Analysis of the expression patterns of virulence-related genes in Ralstonia pseudosolanacearum treated with three active substances. This figure presents the effect of erucamide, oleamide, and camphor bromide (1.5 mg·mL−1) on the expression levels of hrp gene cluster that are crucial for virulence: phcA (A), ace (B), egl3 (C), and pehB (D) in Rp. The ethanol solvent control (CK) was employed as a reference. Post hoc comparisons based on Duncan’s multiple range test after one-way analysis of variance showing means for treatment groups differing significantly (p < 0.05); same letters indicate no significant difference.

2.5. The Effects of Active Substances in Root Exudates on the Pathogenicity of Rp and the Growth of Mulberry Seedlings

This study shows that three active substances have inhibitory effects on the pathogenic determinants of Rp MRS-5 in mulberry. To clarify the effect of root exudates on the pathogenicity of Rp, we use the root inoculation method to determine the pathogenicity of mulberry seedlings. In the control group (only added MRS-5), obvious wilting symptoms appeared in the mulberry seedlings after 5 days post-inoculation (dpi). However, the pathogenicity of MRS-5 was weakened after treatment of erucamide, oleamide, and camphor bromide with 1.5 mg·mL−1 separately, especially treated by erucamide with only a few curling leaves observed (Figure 6). Conversely, mulberry seedlings treated with oleamide and camphor bromide exhibited noticeable wilting symptoms even after MRS-5 infection (Figure 6). This observation suggests that the three active substances present in mulberry root exudates have a discernible influence on the pathogenicity of Rp.

Figure 6.

Figure 6

Influence of three active substances on the pathogenicity of Ralstonia pseudosolanacearum.
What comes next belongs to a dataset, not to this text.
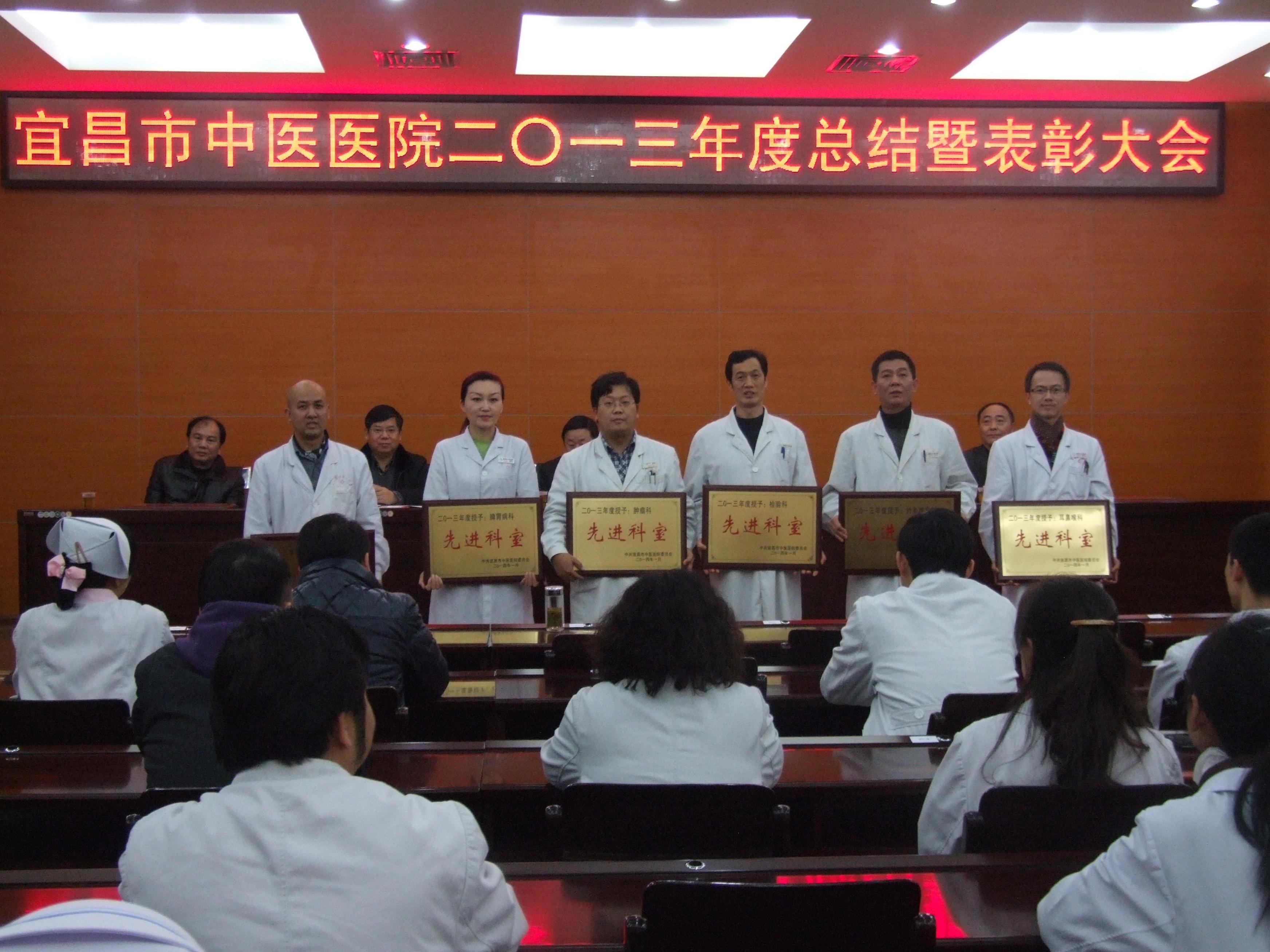 2013年工作总结中,全面的总结了医院在过去一年中所取得的成绩,并对新一年的工作做了令人鼓舞的展望及部署。 接下来,副院长周继刚宣读了宜昌市中医医院关于表彰2013年度先进科室、先进个人的决定,市卫计委领导和院领导为综合内科等6个先进科室、肛肠科等4个单项奖科室及刘晓敏等77名先进工作者颁发了奖牌和获奖证书。

The figure depicts the pathogenic effects under different conditions as follows: MRS-5 indicates where only Rp was inoculated; erucamide treatment, where Rp was treated with erucamide; oleamide treatment, in which Rp and oleamide were combined; camphor bromide represents treatment with Rp along with camphor bromide. The sterile water served as a blank control, and ethanol acted as the solvent control. In all substance treatments, the active substances were used at a concentration of 1.5 mg·mL−1. Evaluate differences in pathogenicity based on leaf wilting. dpi denotes days post infection with Rp for monitoring disease progression.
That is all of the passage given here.